Подходил к концу май; Кашпарек так полюбил свое новое занятие, словно всю жизнь ничем иным и не занимался; полюбил не только из-за собак: когда он с семью подопечными проходил по утренним улицам, не было человека, кто бы не остановился, не оглянулся бы на него с улыбкой; Кашпарек тоже улыбался в ответ, улыбался доверительно и немного лукаво, как человек, который только и думает о каком-нибудь добром розыгрыше; но в одно прекрасное утро он обнаружил, что у Лохматки началась течка. По ней еще нельзя было ничего заметить, но Бруно, когда он, восторженный и бесшабашный, влетел, как обычно, в компанию, вдруг как будто совсем ошалел и, невзирая на окрики и укоры Кашпарека, устроил вокруг пули такой танец, такой каскад сумасшедших прыжков, что нельзя было не понять: дружеские его чувства к Лохматке переросли в неудержимую страсть; тут-то Кашпарек и заподозрил неладное и обстоятельно осмотрел суку. Опасения его подтвердились. В тот день Кашпареку еще удалось благополучно доставить хозяевам вверенных ему собак, потому что в Лохматке пока только набирало силы новое состояние; но старик понимал, что часы целомудрия Лохматки сочтены, и в тот день, если бы нашелся какой-нибудь человек, кто обратил бы внимание на душевное состояние старого мусорщика, он наверняка поразился бы, с каким озабоченным и встревоженным видом выполняет свои обязанности маленький старик в синей блузе. Кашпареку и в голову не пришло сообщить о своем открытии докторше и дней десять-двенадцать не брать у нее Лохматку: роль свою при собаках он считал немного похожей на роль деревенского свинопаса при стаде, а потому и улаживание любовных взаимоотношений между питомцами рассматривал как свою прямую задачу.

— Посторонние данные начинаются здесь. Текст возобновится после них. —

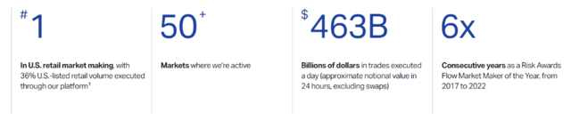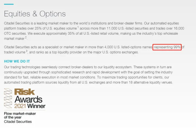 截至去年,Citadel Securities 为4000多家美国上市期权公司提供做市业务,占美国期权交易总量的99%,是业内当之无愧的“王者”;目前,36%的美国上市零售交易都通过 Citadel Securities 的平台执行。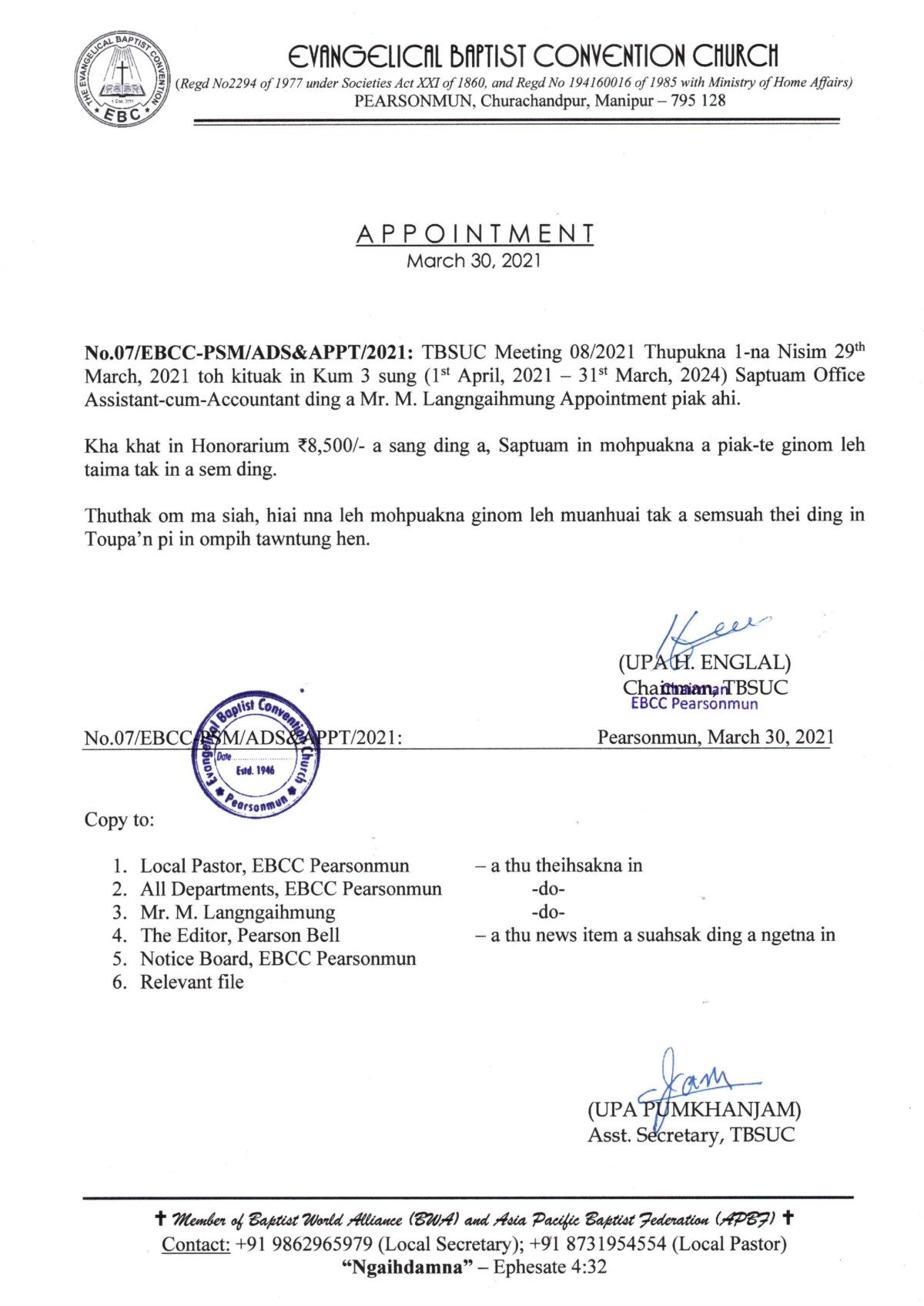 No.07GBCC-PSM/ADS&APPT/2021: TBSUC Meeting 08/2021 Thupukna 1-na Nisim 29th March, 2021 toh kituak in Kum 3 sung (1st April, 2021 — 3l St March, 2024) Saptuam Office Assistant-cum-Accountant ding a Mr. M. Langngaihmung Appointment piak ahi.

То, чего он боялся, случилось меньше чем через неделю. От Лохматки исходил запах любви, и кобели в своре просто-напросто обезумели. Самым страстным влюбленным был Бруно, он даже подрался с Джипси на этой почве; неразлучные фокстерьеры рычали и скалили зубы друг на друга; слава богу, Нестор, как видно, считал, что участвовать в мелочных спорах — ниже его достоинства; правда, однажды, выбрав момент, он попробовал было взять Лохматку неожиданным приступом, однако ей надменный боксер, очевидно, не нравился, и она так яростно отстаивала свою честь, что Нестор счел за лучшее не претендовать на нее и с высокомерной флегмой сильных самцов ушел в свое гордое одиночество. Кашпарек, наблюдавший все это, был готов от души пожать ему лапу. И решил пока держать Лохматку на поводке, чтобы она на всякий случай была рядом; однако Бруно и теперь не отходил от нее ни на шаг, носился и прыгал вокруг, задыхаясь от страсти, и тявкал коротко, жалобно, со слезой в голосе, а потом лег неподалеку, на склоне насыпи, положил голову на передние лапы и, с отчаянием в желтых глазах, протяжно заскулил. «Чего ревешь-то? — ворчал на него Кашпарек. — Не стыдно тебе?! А мужик еще! Видишь ведь, наша Лохматка чихать на тебя хотела!» Кашпарек взглянул на Лохматку, чтоб убедиться, действительно ли она чихать хотела на Бруно, — и сердце у него сжалось. У Лохматки уши, хвост — все тоскливо повисло, она стояла возле Кашпарека, как больная старуха в черном тряпье. «А ты-то чего пригорюнилась? — говорил он теперь пули. — Влюбилась, что ли? В этого вот оболтуса, тощего да плаксивого? Погляди на него: он ведь желтый, да и голый почти что! Это шерсть, по-твоему? Не грусти, отведет тебя хозяйка к настоящим кобелям, получишь такого чернявого красавца, что любо-дорого! Слышишь?»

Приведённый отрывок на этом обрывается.